[OT] n-way union
bearophileHUGS at lycos.com
Mon May 25 16:19:19 PDT 2009
> You probably have to have an array of structs, where each struct
> contains a reference to a subarray, and a copy of the first value of
> this subarray.
Keeping a cached copy of the first item of the subarray ("subrange") may be better in some situations and worse (compared to keeping just a reference/pointer) in other situations. And it's not very simple to design a data structure able to adapt itself dynamically to such two situations.
> Sort the array of structs, and beginning with the first struct, pop from
> the pointed-to subarray as long as it contains elements equal to the
> first one. Then pop from the subarray that belongs to following struct,
> and so on, until a subbarray's first element already is larger.

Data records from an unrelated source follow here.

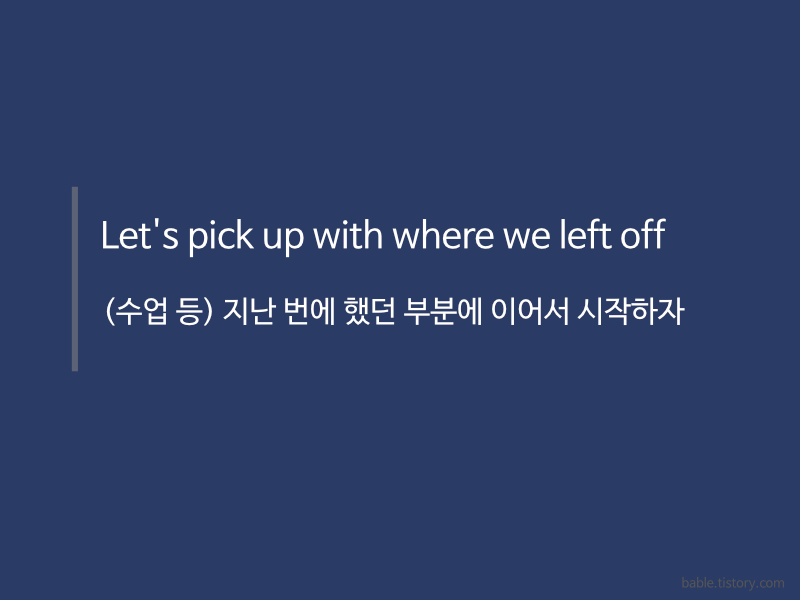 영어 수업이나 대화 중에 특정 지점을 다시 찾고 싶을 때 사용할 수 있는 유용한 표현들이 있습니다. 오늘은 그 중에서도 "Where are we?"와 그 외 몇 가지 표현들을 살펴보겠습니다. 😊1. "Where are we?""Where are we?"는 수업이나 대화 중에 우리가 중단했던 지점을 다시 찾고 싶을 때 사용하는 간단하면서도 유용한 표현입니다. 직역하면 "우리 지금 어디에 있죠?"라는 뜻이지만, 수업의 어느 지점에 있었는지를 묻는 의미로 자주 사용됩니다.예제:"Where are we?"우리 어디까지 했죠?2. "Let's pick up where we left off yesterday."수업을 시작하면서 어제 중단했던 지점부터 다시 시작하자는 의미로 "Let's pick up where w..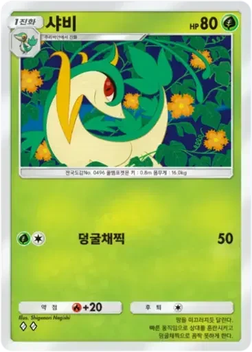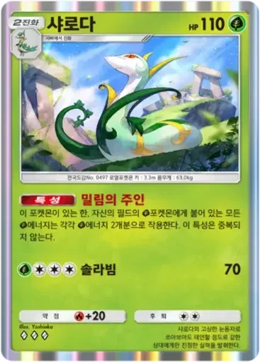 샤로다 | 특성: 밀림의 주인 (이 포켓몬이 있는 한 자신의 필드의 풀 포켓몬에게 붙어 있는 모든 풀 에너지는 각각 풀 에너지 2개분으로 작용한다. 이 특성은 중복되지 않는다.) ⬛⬜⬜⬜ 솔라빔 (70) |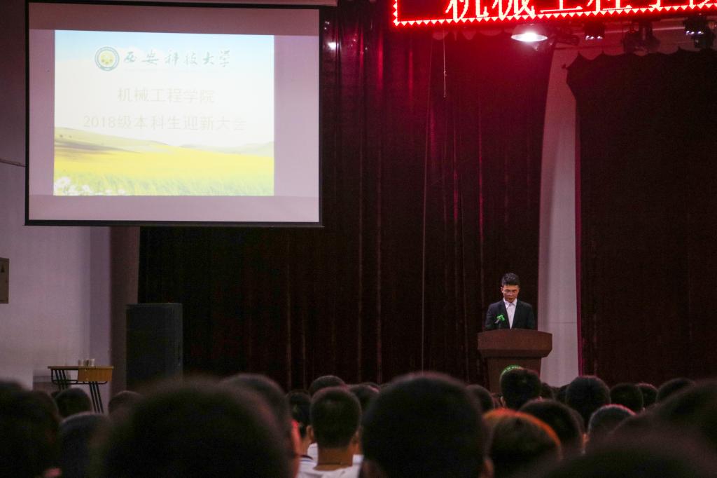 接下来,机卓二班新生代表席杰同学在会议中发言,他表达了发愤图强,积极进取,努力学习的自信,并代表18级新生表达了用良好乐观的心态面对大学生活的决心。

> While popping, you obviously update the value copies, and append to an
> output array.
Better to yield lazily the output items.
And probably keeping them in a heap is more efficient than scanning them all.
> The algorithm could be enhanced by, instead of an array of structs,
> having a singly liked list of these structs.
Today linked lists are mostly dead. In most situations arrays (or arrays with holes, plus few other smart things) are more efficient, both in memory and speed.
For Andrei: in my last post I have suggested to remove from the heap the references to the sub-ranges as soon they are exhausted. But lot of tests of mine have shown me that's often not the most efficient strategy:
So better things are possible. The most refined strategy may be overkill, but some medium strategy may be OK.